Available data —
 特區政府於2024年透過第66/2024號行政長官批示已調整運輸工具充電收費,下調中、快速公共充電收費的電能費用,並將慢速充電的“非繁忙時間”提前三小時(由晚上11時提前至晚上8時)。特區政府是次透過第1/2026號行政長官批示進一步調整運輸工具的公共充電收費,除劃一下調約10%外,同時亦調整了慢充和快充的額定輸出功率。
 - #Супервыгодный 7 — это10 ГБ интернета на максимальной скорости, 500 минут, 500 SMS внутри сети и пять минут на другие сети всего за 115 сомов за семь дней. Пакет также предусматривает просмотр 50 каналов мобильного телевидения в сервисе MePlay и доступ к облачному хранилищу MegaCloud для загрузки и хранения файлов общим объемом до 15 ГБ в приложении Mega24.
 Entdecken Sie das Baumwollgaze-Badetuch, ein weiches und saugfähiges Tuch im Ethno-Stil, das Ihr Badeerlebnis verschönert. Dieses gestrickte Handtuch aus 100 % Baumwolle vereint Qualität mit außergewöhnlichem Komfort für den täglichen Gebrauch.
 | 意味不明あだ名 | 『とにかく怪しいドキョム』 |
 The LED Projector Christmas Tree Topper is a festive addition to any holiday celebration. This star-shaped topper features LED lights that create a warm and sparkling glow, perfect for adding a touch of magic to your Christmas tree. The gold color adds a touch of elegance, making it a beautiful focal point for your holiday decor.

---

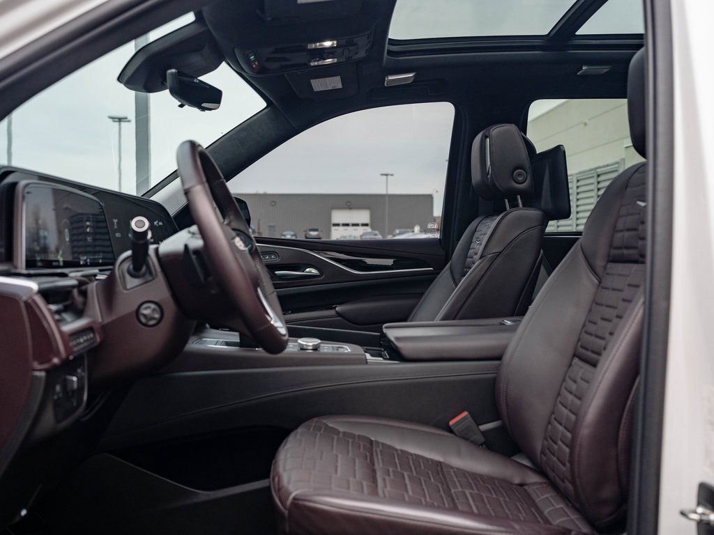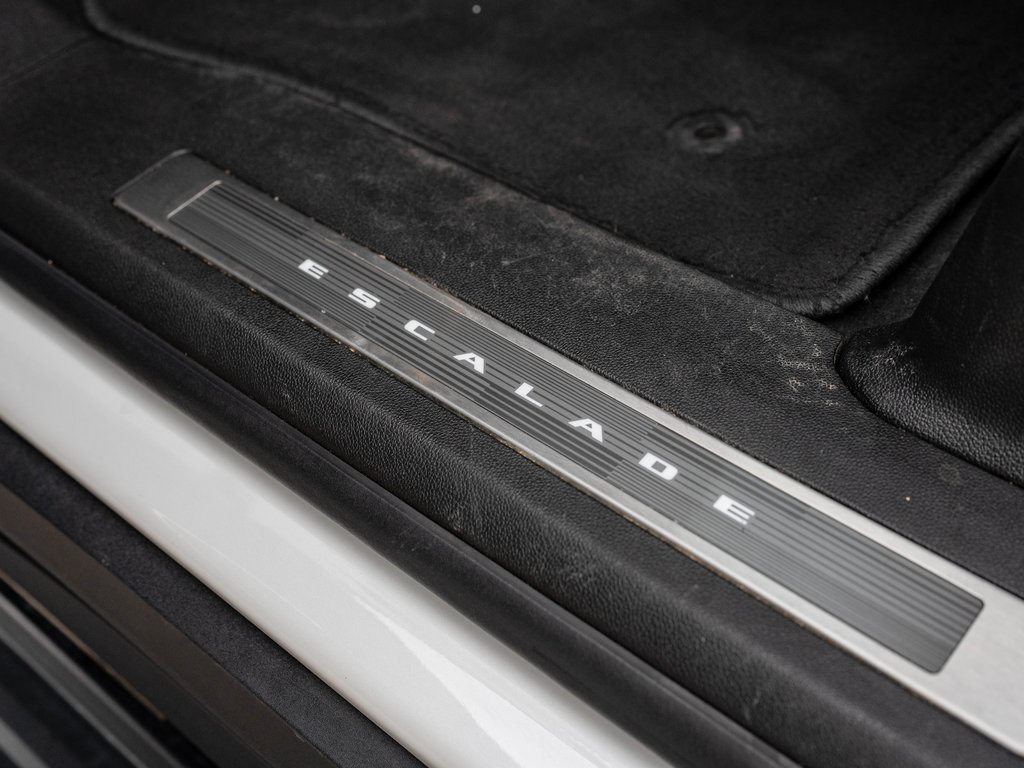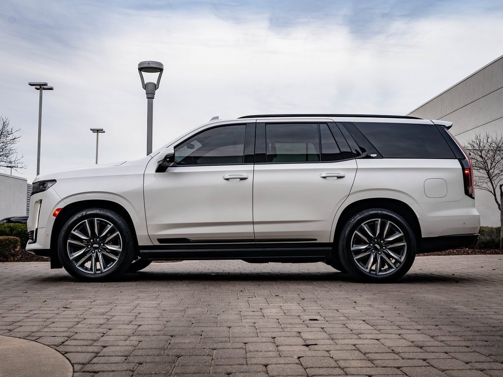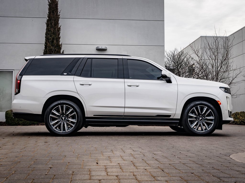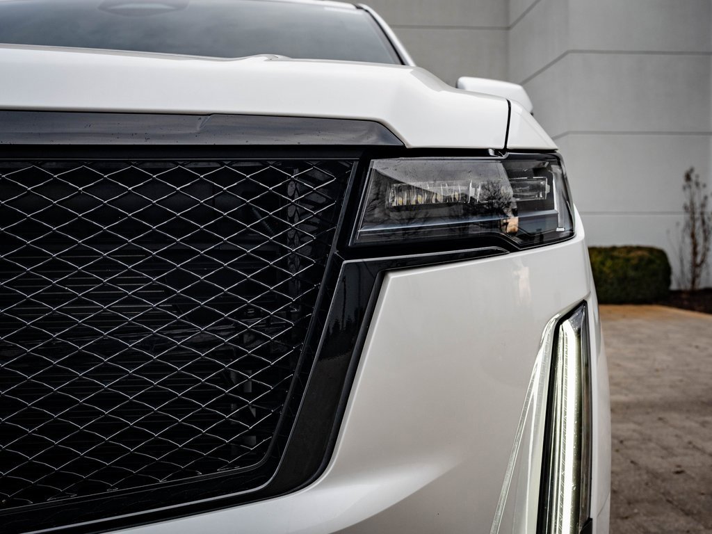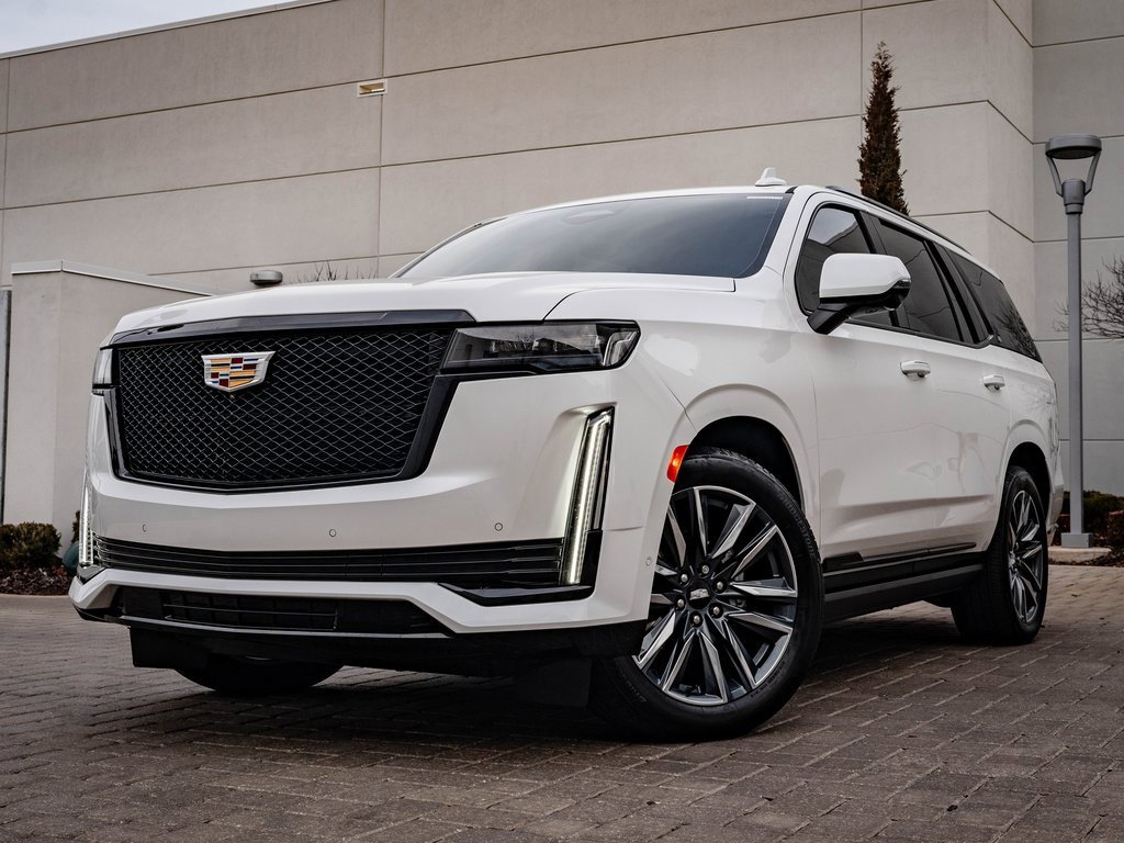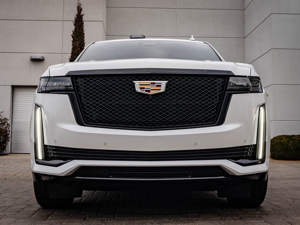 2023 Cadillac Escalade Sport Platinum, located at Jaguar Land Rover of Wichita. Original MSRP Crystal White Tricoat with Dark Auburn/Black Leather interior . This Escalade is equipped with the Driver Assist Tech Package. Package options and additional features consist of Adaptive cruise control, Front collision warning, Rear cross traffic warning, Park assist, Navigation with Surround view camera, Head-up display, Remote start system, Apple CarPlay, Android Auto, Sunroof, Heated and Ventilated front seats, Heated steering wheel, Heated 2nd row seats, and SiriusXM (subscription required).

Assigned task —
What is needed is an exact copy of the lines above, from the one containing "特區政府於2024年透過第6" through the one containing "- #Супервыгодный 7", with nothing added.

Answer below —
 特區政府於2024年透過第66/2024號行政長官批示已調整運輸工具充電收費,下調中、快速公共充電收費的電能費用,並將慢速充電的“非繁忙時間”提前三小時(由晚上11時提前至晚上8時)。特區政府是次透過第1/2026號行政長官批示進一步調整運輸工具的公共充電收費,除劃一下調約10%外,同時亦調整了慢充和快充的額定輸出功率。
 - #Супервыгодный 7 — это10 ГБ интернета на максимальной скорости, 500 минут, 500 SMS внутри сети и пять минут на другие сети всего за 115 сомов за семь дней. Пакет также предусматривает просмотр 50 каналов мобильного телевидения в сервисе MePlay и доступ к облачному хранилищу MegaCloud для загрузки и хранения файлов общим объемом до 15 ГБ в приложении Mega24.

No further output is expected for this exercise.